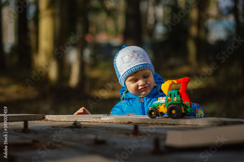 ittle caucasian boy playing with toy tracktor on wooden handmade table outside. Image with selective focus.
---+---
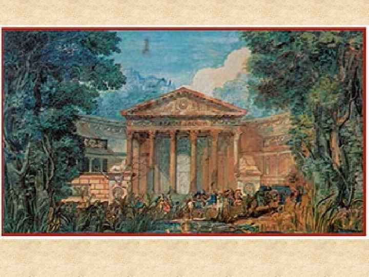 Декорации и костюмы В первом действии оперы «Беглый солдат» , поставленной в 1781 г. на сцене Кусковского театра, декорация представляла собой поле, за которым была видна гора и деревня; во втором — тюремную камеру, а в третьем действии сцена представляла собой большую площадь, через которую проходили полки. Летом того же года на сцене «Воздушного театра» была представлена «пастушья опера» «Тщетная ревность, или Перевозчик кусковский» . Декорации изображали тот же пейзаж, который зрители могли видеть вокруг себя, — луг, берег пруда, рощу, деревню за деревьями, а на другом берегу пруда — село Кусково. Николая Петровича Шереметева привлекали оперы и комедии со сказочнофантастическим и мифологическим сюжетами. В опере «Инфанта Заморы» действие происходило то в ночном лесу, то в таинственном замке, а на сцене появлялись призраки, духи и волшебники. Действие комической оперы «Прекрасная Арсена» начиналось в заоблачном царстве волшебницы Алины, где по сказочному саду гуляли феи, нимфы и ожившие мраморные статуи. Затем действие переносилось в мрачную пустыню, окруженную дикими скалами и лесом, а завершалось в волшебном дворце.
---+---
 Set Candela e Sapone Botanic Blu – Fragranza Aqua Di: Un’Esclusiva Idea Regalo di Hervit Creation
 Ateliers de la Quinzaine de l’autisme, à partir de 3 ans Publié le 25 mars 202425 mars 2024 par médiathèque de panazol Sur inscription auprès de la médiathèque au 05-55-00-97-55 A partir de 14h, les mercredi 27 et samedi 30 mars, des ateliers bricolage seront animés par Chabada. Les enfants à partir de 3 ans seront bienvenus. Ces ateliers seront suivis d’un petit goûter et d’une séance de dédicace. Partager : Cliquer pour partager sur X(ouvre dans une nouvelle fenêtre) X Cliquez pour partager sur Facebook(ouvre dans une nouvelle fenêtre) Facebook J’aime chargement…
---+---
_Directions for this task_
Begin with the line above that has "Set Candela e" and continue through the line that has "Ateliers de la", setting each one down exactly. Stop there.

_Task response_
 Set Candela e Sapone Botanic Blu – Fragranza Aqua Di: Un’Esclusiva Idea Regalo di Hervit Creation
 Ateliers de la Quinzaine de l’autisme, à partir de 3 ans Publié le 25 mars 202425 mars 2024 par médiathèque de panazol Sur inscription auprès de la médiathèque au 05-55-00-97-55 A partir de 14h, les mercredi 27 et samedi 30 mars, des ateliers bricolage seront animés par Chabada. Les enfants à partir de 3 ans seront bienvenus. Ces ateliers seront suivis d’un petit goûter et d’une séance de dédicace. Partager : Cliquer pour partager sur X(ouvre dans une nouvelle fenêtre) X Cliquez pour partager sur Facebook(ouvre dans une nouvelle fenêtre) Facebook J’aime chargement…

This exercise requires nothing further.